(Instructions to follow) Would you return exactly the lines below from the line with "如果两条直线被第三条直线所截,那么一组内错角的平分线( )" through the line with "Zara linen blend", both included, and nothing else, leaving out the pictures?

(Record set)
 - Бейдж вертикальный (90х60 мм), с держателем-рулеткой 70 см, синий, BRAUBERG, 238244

--

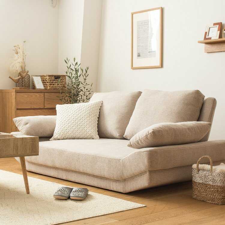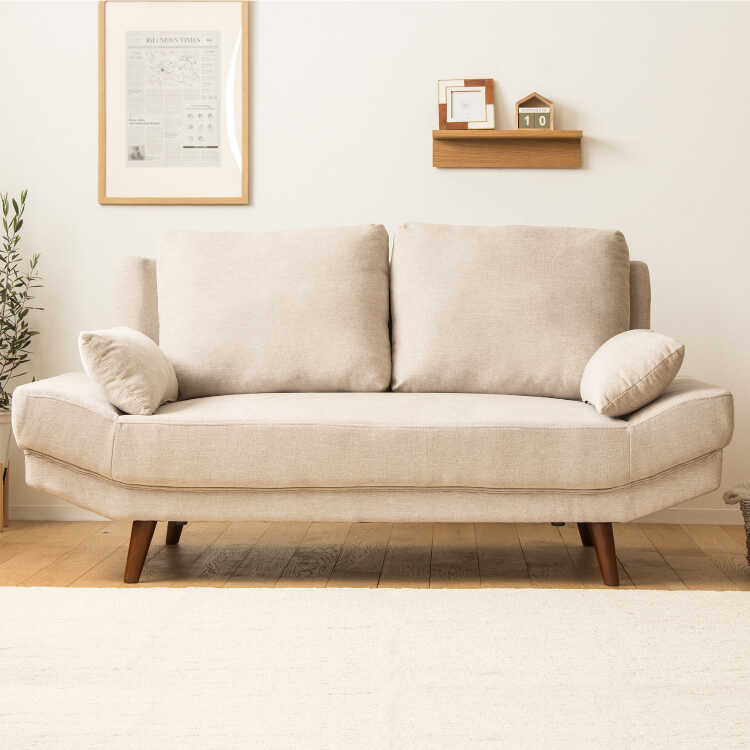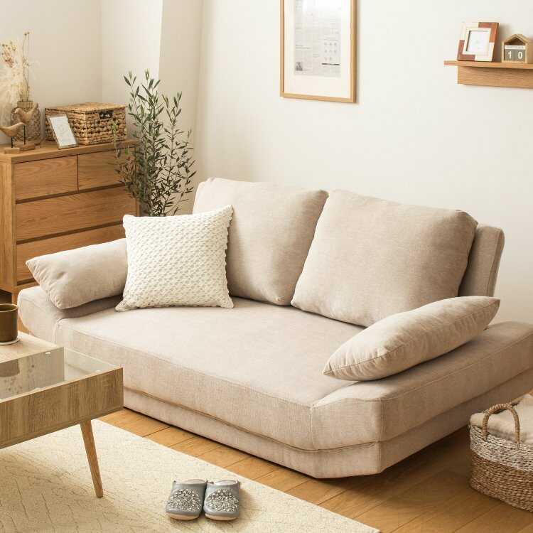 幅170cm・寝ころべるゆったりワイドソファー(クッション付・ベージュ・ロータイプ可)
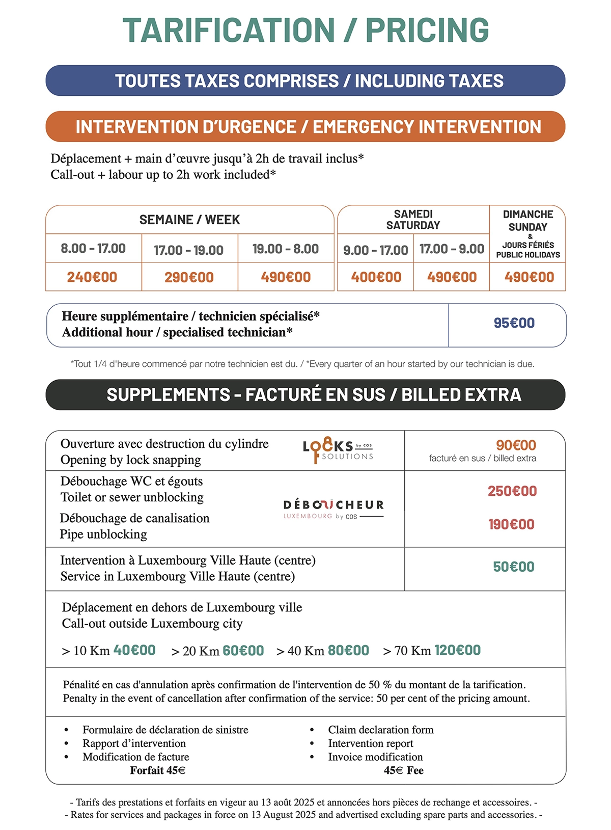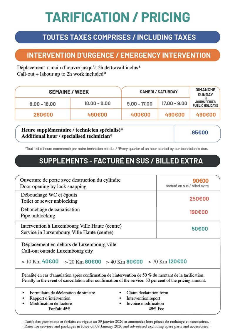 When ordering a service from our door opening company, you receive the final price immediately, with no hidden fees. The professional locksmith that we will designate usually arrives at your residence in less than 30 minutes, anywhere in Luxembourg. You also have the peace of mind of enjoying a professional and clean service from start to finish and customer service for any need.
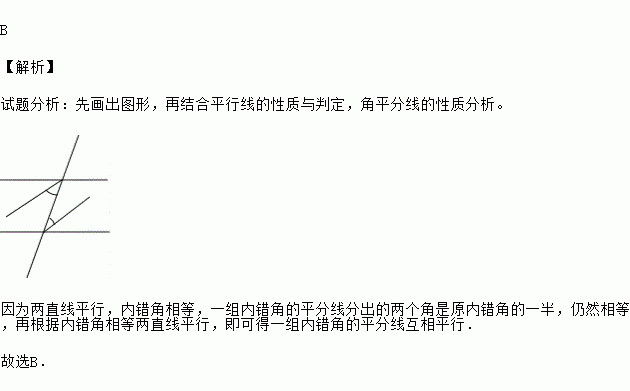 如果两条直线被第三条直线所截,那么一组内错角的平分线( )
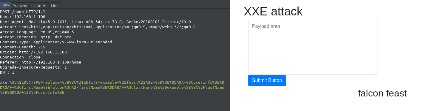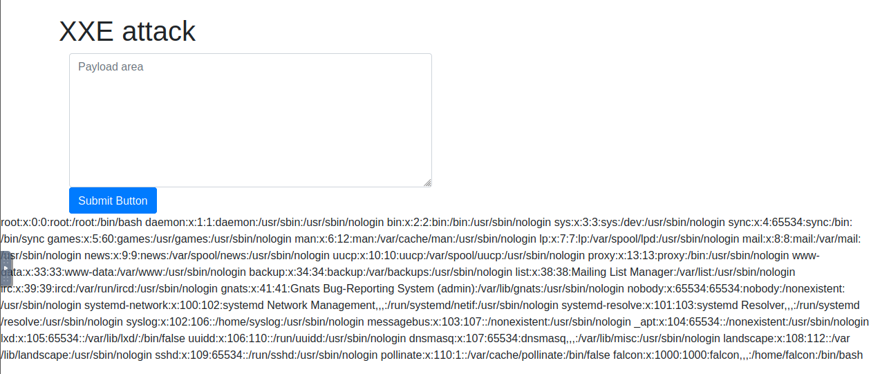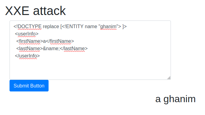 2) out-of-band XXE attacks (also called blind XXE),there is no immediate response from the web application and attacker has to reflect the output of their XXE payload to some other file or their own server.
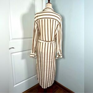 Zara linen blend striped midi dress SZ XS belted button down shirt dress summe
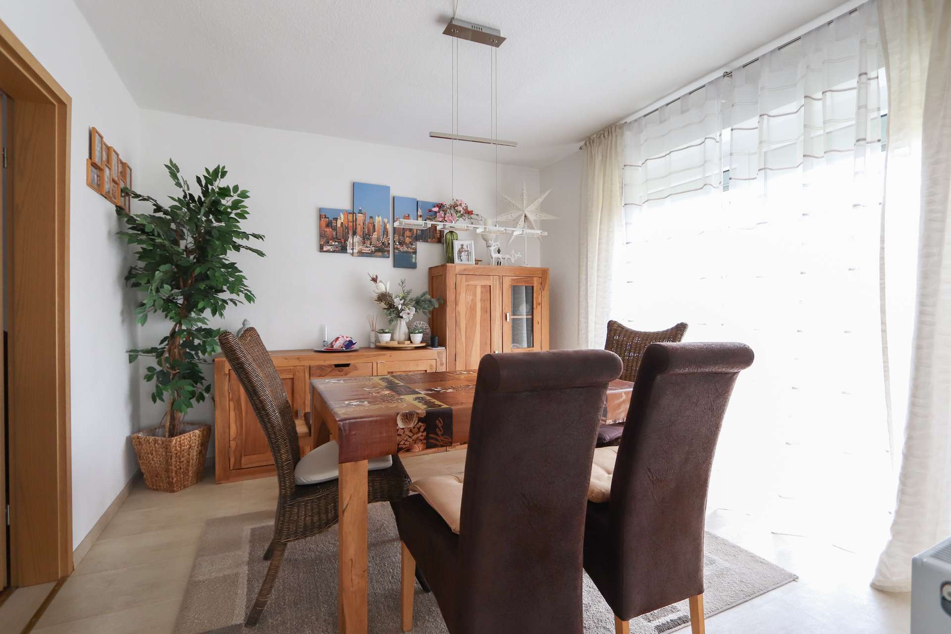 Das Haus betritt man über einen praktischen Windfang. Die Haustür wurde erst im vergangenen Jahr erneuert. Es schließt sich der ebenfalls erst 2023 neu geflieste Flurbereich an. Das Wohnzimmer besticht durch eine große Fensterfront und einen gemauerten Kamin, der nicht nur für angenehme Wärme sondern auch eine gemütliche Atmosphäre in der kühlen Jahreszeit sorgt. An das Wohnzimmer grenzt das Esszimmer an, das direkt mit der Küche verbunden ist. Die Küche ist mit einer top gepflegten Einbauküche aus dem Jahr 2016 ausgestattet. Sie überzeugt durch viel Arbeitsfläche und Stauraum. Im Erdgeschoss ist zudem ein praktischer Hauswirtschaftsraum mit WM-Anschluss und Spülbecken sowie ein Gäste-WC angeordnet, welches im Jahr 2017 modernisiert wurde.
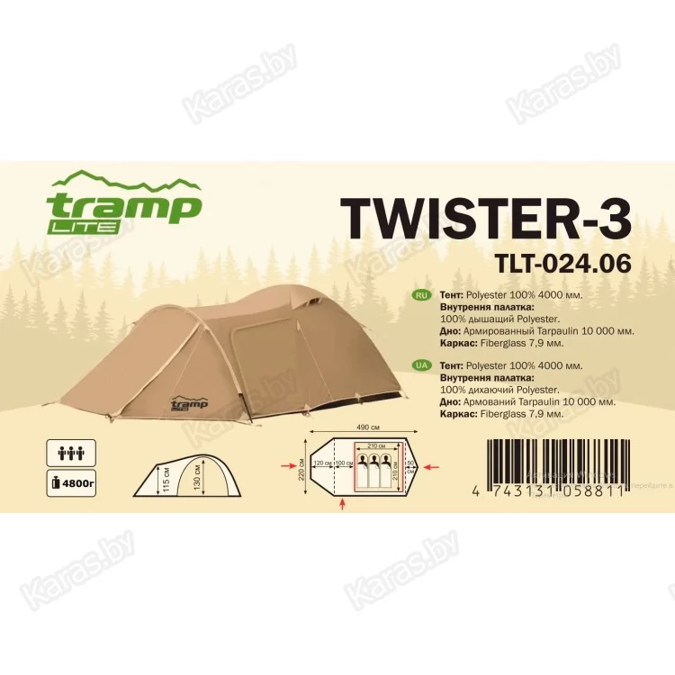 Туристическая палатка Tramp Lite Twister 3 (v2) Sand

(Solution to this task)
 如果两条直线被第三条直线所截,那么一组内错角的平分线( )
 2) out-of-band XXE attacks (also called blind XXE),there is no immediate response from the web application and attacker has to reflect the output of their XXE payload to some other file or their own server.
 Zara linen blend striped midi dress SZ XS belted button down shirt dress summe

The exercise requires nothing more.